Scientists Have Recorded the Sound of Two Black Holes Colliding, and You Can Hear It Too






Something happened 3,000 million years ago1 that changed the composition of our prodigious universe forever. Two huge black holes collided, resulting in an intense explosion and forming a solitary object 49 times more massive than our sun.

The explosion formed and released energy twice the mass of our sun in a fraction of a second. This sent waves of gravitation so powerful that they altered the structure of space-time itself. A super-massive black hole emerged in the aftermath. Scientists were recently able to detect this cataclysmic collision, and are learning more about black holes and the cosmos as a result.

The gravitational wave observatory of the National Science Foundation made these detections. The installation is called the twin Laser Interferometer Gravitational Wave Observatory (LIGO). It is led by an international group of scientists, including some from NASA, MIT and Caltech.

LIGO has two different locations, one in Hanford, Washington State and the other near Livingston, Louisiana. They are intentionally 1,800 miles (about 2,896 km) apart. The waves of gravity were incredibly subtle. They altered space in and around the Earth in just a fraction of the width of a proton. However, the instrumentation is so sensitive that it can pick up such delicate occurrences.
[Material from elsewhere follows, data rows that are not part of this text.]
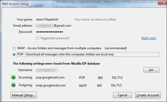 Udfyld dit brugernavn og din adgangskode, og klik derefter på Fortsæt. For et betydeligt antal web-mail-udbydere vil Thunderbird automatisk udfylde serveroplysningerne (med tilladelse fra Mozilla ISP-database) som det fremgår af nedenstående skærmbillede. Vi skifter fra IMAP-standard til POP. Hvis du planlagde at bruge Thunderbird som din daglige e-mail-klient, ville IMAP være et meget overlegen valg (IMAP giver dig mulighed for at arbejde med e-mail som en ekstern adgangsfildeling i stedet for at downloade den til din lokale maskine). Til vores arkiveringsformål er POP imidlertid et overlegen valg, da det nemt og uden besvær kan downloade alle de gamle e-mail-meddelelser (ikke kun de nye). Hvis du finder ud af, at du vil bruge Thunderbird som en fuldtids klient, kan du nemt skifte tilbage til IMAP, når du har et arkiv med dine gamle e-mails.
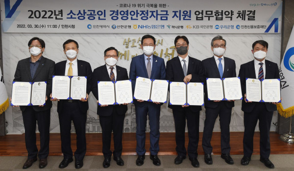 박남춘 인천광역시장이 지난 3월 30일 시청 대접견실에서 열린 '2022년 소상공인 경영안정자금 지원 업무협약 체결식'에서 기념촬영을 하고 있다. (왼쪽부터 우리은행 이범용 부평영업그룹장, 국민은행 정문철 전무, 농협은행 임동순 부행장, 박남춘 인천시장, 신한은행 박성현 부행장, 인천신용보증재단 조현석 이사장, 하나은행 성영수 부행장)
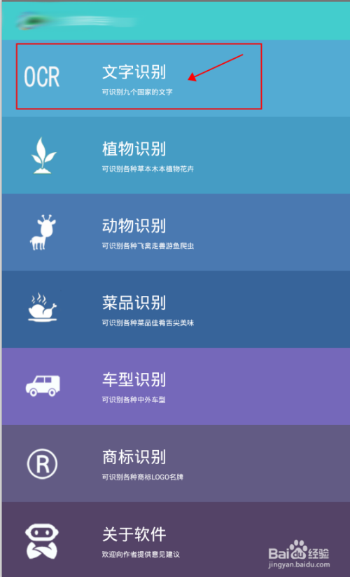 首先大师到百度下载,安装后可以进入以下界面。接下来我们点第一个文字识别。
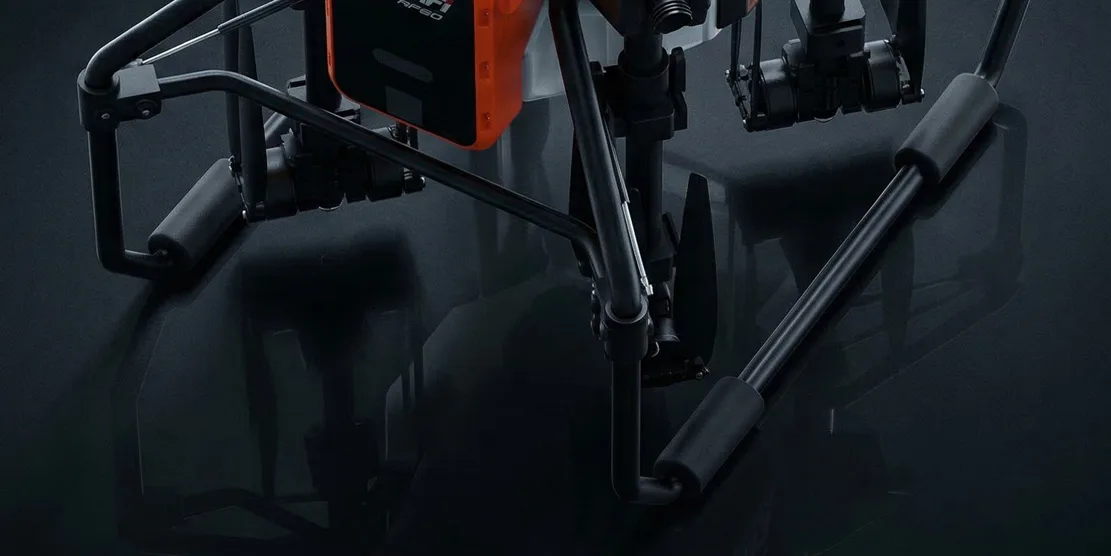 프레임 설계는 비단 구조적 강성을 위한 것만이 아닙니다. 진동 억제 구조와 내화학 기술이 적용된 이 프레임은 장시간 비행 시에도 효율적으로 에너지를 소모하며, 외부 환경 변화에 대한 대응력을 높입니다. 이는 특히 정밀도가 중요한 농약 살포 작업에서 드론이 일정한 고도(45m)를 유지하며, 균일한 살포 폭(912m)을 보장하는 데 중요한 역할을 합니다. 다시 말해, 기체의 강성과 형상은 드론의 안정성과 효율성이라는 성능적 가치로 전환되는 조형의 구조화입니다.

An interferometer is basically a laser-based measuring instrument that can detect gravitational waves and locate their source. By carefully observing light and space with two gigantic interferometers, researchers can learn much more about gravity, one of the four major forces in the universe. LIGO scientists say that these dual observatories are at the same level of complexity as the large Hadron Collider (LHC) at CERN. LIGO is able to make discoveries that will impact quantum mechanics, relativity, astronomy and even nuclear physics.

This is the third time that gravity waves have been detected using instruments on Earth and the first direct measurement. We now know more about stellar mass black holes, how they form, the areas they inhabit and how two of them can end up in a spinning dance of death and fusion. In this particular case, one was about 30 times larger than the sun and the other 19 times longer. The bigger one drew the smaller one inside.

As they approached, they began to swirl around each other, in a waltz that lasted aeons, releasing gravitational waves as they went, drawing closer and closer until they joined, causing an explosion of astronomical proportions. It sounds dark romantic. The findings were published in the journal Physical Review Letters. The researchers were even able to capture the sounds associated with their final embrace.


So what exactly is a black hole? A stellar black hole of mass is the remains of a once powerful star. Astronomers believe that when a massive star runs out of nuclear fuel, it implodes. A smaller star, say the size of our sun, will eventually expand into a red giant and then collapse into a white dwarf.

With much bigger stars, something different happens. The pressure outward once you push the energy into space is gone. As a result, the gravitational pulling pressure is no longer compensated and thus begins to pull everything in with tremendous force. The gravitational waves that resulted in the union of these two black holes were detected in September and December 2015. Researchers have been studying them ever since.

Laura Cadonati, a member of LIGO's Georgia Tech team, told National Geographic: "Before our discoveries, we did not even know for certain that these black holes existed." Also before this, astronomers thought they could not get more than 10 solar masses. These new discoveries are much more massive.

One theory is that such black holes came from stars composed mostly of helium and hydrogen. These gases are stable and lose little mass over time. When the star expires, more mass is involved in the implosion, making the event much more powerful.


The LIGO team carefully studied the gravitational waves detected. Of these, they could determine in which direction each black hole was rotating before the collision and the axis of each. From there, the scientists theorized that these could have been sister stars. Their remains dance orbs from the darkest darkness, spinning among themselves as predators, until the greatest swallows the smallest.

However, some data suggest that these stars were actually far apart, initial And eventually found themselves in the orbit of each, with the largest drawing the smallest in. Scientists hope that these results will give them a better understanding of the stars, how they develop more, and more about stellar clusters. They also hope to get ideas if they can, about the existence of dark matter. Einstein predicted such gravitational waves a century ago, while formulating relativity. But he thought the effect was so tiny, we could never measure it.